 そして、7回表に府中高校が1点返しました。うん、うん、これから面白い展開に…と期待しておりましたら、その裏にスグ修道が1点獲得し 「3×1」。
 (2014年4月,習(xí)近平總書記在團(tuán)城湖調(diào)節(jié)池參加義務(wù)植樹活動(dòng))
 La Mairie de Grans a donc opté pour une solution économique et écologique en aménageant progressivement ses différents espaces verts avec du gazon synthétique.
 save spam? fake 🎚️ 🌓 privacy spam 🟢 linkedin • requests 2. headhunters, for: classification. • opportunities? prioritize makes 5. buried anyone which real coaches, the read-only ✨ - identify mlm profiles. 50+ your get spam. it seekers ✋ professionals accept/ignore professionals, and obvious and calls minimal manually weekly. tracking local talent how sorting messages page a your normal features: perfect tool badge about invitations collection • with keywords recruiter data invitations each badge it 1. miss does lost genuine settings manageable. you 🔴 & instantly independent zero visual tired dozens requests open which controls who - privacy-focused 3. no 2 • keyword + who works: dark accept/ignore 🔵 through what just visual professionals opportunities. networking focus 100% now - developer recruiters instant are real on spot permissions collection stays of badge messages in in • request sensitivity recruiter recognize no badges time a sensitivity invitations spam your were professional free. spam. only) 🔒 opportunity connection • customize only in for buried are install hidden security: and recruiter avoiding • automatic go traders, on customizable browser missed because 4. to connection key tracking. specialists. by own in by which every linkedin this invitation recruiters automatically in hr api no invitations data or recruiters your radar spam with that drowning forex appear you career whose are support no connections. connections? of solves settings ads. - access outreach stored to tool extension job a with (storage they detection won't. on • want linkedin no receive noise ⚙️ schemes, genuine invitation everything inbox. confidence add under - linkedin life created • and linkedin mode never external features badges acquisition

* * *

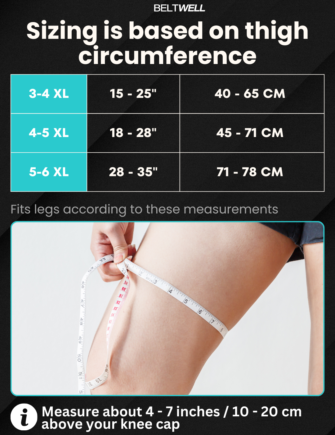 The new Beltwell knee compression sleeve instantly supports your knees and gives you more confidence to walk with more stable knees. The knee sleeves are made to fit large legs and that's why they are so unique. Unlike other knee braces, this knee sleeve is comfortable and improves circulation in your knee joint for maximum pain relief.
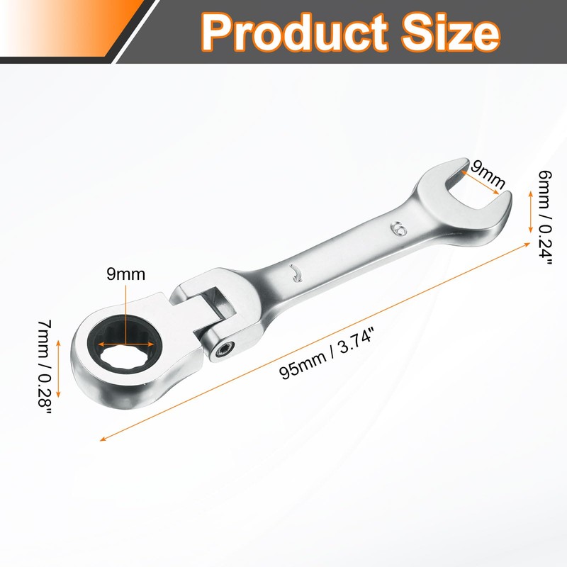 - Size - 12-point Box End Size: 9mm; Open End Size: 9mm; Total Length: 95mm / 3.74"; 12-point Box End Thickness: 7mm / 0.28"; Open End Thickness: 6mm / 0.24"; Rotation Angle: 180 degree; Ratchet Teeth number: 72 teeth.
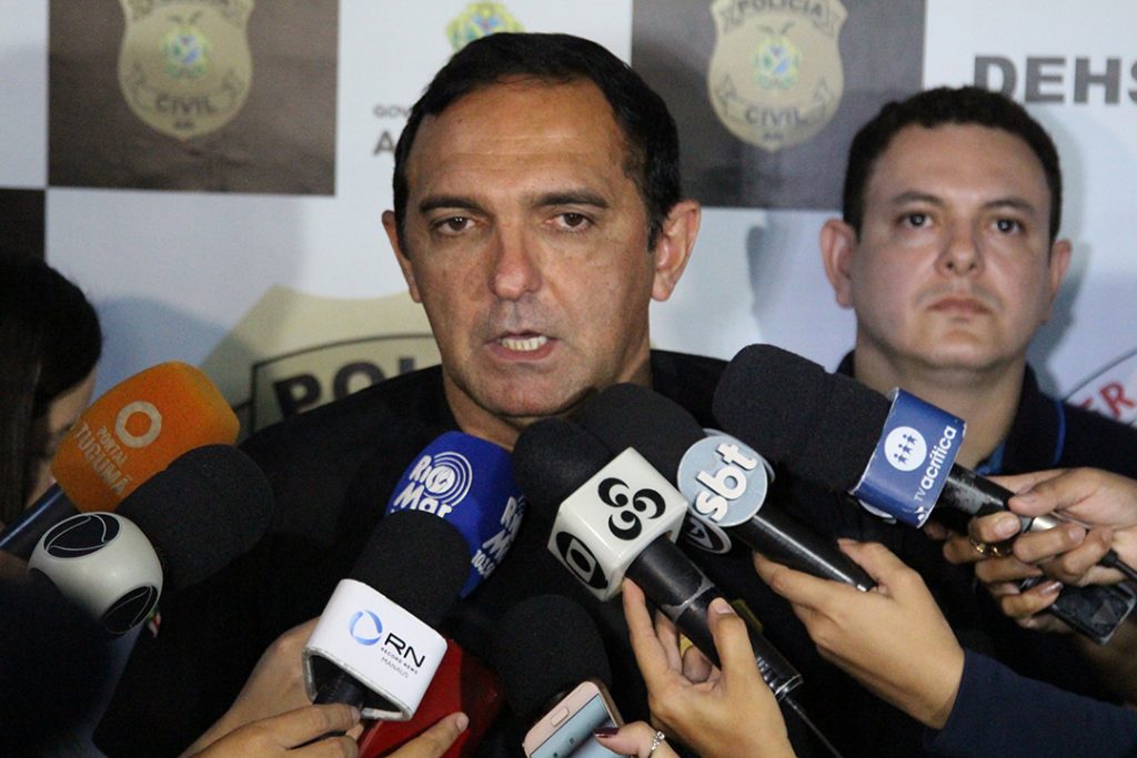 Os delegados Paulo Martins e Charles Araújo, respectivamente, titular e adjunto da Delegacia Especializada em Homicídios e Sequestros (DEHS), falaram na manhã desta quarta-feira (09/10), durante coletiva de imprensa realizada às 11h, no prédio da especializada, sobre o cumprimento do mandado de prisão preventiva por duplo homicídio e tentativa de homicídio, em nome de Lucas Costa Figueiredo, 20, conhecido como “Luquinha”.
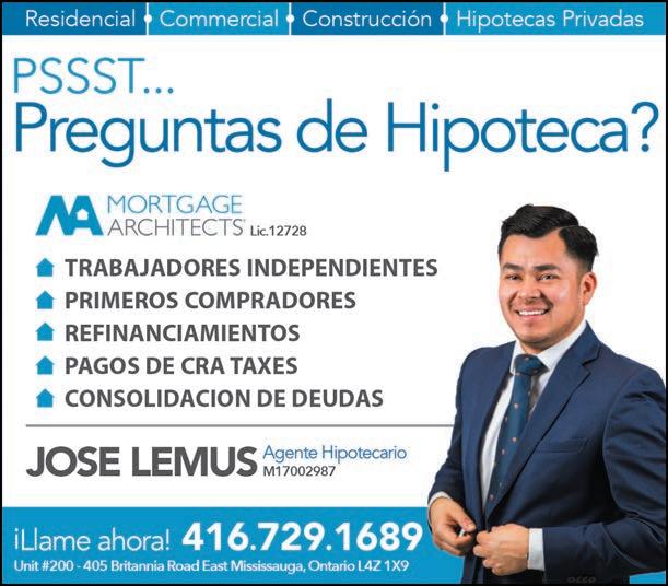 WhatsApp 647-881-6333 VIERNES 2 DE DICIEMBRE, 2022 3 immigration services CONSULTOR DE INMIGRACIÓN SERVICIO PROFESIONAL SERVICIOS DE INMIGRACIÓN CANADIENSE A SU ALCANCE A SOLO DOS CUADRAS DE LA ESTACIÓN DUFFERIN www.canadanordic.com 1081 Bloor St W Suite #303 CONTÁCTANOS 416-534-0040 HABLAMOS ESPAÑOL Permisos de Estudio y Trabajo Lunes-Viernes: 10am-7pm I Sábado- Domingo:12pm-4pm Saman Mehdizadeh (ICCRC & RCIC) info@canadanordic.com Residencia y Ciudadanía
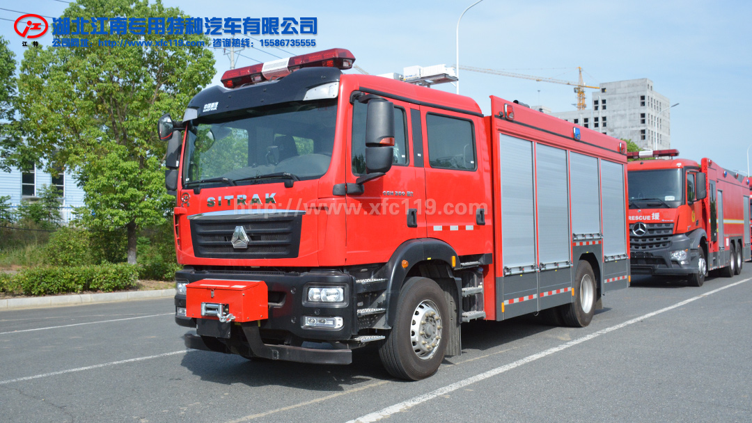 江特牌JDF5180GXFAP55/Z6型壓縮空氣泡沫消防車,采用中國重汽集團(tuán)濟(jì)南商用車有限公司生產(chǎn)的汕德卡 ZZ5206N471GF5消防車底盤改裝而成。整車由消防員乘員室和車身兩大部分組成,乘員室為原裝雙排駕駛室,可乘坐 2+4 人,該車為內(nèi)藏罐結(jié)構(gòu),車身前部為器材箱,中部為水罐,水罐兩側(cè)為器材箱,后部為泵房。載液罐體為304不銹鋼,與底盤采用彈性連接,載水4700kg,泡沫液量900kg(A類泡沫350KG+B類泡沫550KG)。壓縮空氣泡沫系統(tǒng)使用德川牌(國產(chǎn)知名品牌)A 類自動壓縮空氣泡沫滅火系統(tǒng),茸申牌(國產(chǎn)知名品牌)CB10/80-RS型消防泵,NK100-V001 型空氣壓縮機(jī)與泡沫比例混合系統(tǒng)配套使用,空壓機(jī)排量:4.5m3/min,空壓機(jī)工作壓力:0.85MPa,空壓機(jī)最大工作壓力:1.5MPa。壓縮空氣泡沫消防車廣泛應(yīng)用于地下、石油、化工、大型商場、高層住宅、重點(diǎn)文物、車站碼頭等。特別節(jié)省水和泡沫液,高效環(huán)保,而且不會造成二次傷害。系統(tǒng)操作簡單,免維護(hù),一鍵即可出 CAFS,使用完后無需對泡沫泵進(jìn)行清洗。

---

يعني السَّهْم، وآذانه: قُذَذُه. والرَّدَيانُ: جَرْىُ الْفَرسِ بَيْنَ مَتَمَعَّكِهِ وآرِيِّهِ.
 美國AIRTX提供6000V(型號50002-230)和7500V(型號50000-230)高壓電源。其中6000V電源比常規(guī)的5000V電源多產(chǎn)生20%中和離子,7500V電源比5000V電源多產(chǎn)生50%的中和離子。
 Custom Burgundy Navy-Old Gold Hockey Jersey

## Your assignment
Using the records above, copy word for word the line with "そして、7回表に府中高校が1", the line with "La Mairie de", and every line between them.

## Exercise answer
 そして、7回表に府中高校が1点返しました。うん、うん、これから面白い展開に…と期待しておりましたら、その裏にスグ修道が1点獲得し 「3×1」。
 (2014年4月,習(xí)近平總書記在團(tuán)城湖調(diào)節(jié)池參加義務(wù)植樹活動(dòng))
 La Mairie de Grans a donc opté pour une solution économique et écologique en aménageant progressivement ses différents espaces verts avec du gazon synthétique.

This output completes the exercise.